In FY21, Mari Petroleum Company Limited announced a 4 percent increase in its earnings. Despite the weakness in prices, topline growth for Mari was supported by better hydrocarbon production during the year. Mari’s oil production in FY21 stood higher by 17 percent year-on-year, while natural gas production was up by 8 percent year-on-year.The growth in earnings was powered by weaker exploration and production expenses.
FY22 witnessed rising oil prices, and MARI’s revenues were seen growing by 32 percent year-on-year as a result of higher prices and higher hydrocarbon production. Improvement in Mari’s production volumes continued in FY22. The company’s gas production in FY22 was up by 5 percent year-on-year, while crude oil production remained steady. This translated into highest ever production by the E&P company. This was also accompanied by depreciating currency. The rise in topline trickled down, and the company posted growth of around 19 percent year-on-year in profits before tax for FY22. This was despite 140 percent growth in exploration and prospecting expenditure, and higher share of loss in associates. However, the ultimate bottom-line grew only by 5 percent year-on-year, which was due to the imposition of Super Tax on the companies in the latest budget.
FY23 had been a year of high prices as well. Mari Petroleum Company Limited experienced a growth of around 53 percent in net sales and an increase of 70 percent year-on-year in the bottomline. Mari’s net sales clocked in at Rs145 billion for the FY23, which was primarily driven by 28 percent devaluation of domestic currency. Overall, the production of hydrocarbons remained weak due to annual turnarounds of EFERT and FFC plants that hampered the offtakes from MARI field. Also, the leakages at FFC’s plant and damaged SSGC pipeline in Bolan area during the early months of FY23 were factors for lower production volumes. Besides the topline growth in FY23, MARI’s bottomline also benefitted from significant growth in finance income due to higher income on cash as well as colossal exchange gains. Also, the exploration cost grew by 47 percent year-on-year in FY23 due to three dry wells incurred during the period.
MARI in 1QFY24
There was a hefty growth in earnings for 1QFY24, which was partly due to higher oil and gas production by the company during the period. MARI’s topline growth stood at around 52 percent year-on-year in 1QFY24 which was aided by healthy growth in gas and oil production, and significant jump in the wellhead price of Mari Gas Field. Oil flows were up by 22 percent, while gas flows were up by 48 percent year-on-year. Currency depreciation against the USD of around 23 percent year-on-year also pushed up the revenues. Not only the production volumes were up for the quarter, company witnessed the highest-ever quarterly hydrocarbon sales of 10 million barrels of oil equivalent during the quarter – up by 12 percent year-on-year, which lead to the rise in revenues.

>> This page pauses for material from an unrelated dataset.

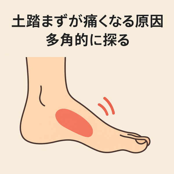 発症の背景には、アーチ構造の低下、ふくらはぎの筋緊張、靴の問題などが複合的に関係すると考えられています。

Besides the topline growth, MARI’s bottomline also benefitted from higher finance income that came n due to higher income on cash and investments. The earnings were supported by other income in 1QFY24 versus other expenses in 1QFY23. On the expense side, the company witnessed 30 percent growth in exploration and prospecting expenditure during 1QFY24 due to and higher seismic and prospecting expenditure. The company’s earnings for 1QFY24 witnessed a growth of 51 percent year-on-year despite higher exploration expenses as well as higher share of loss from associates, and this has been due to growth in the company’s revenues.
Going forward, the company’s earnings are going to continue to benefit from higher production flows as the company is expected to start production of 11MMSCFD gas from Mari Ghazij-2. Moreover, the drilling at two promising sites along with the improved utilization of Sachal Gas Processing Complex (SGPC) that started gas supply to SNGPL earlier in 2023.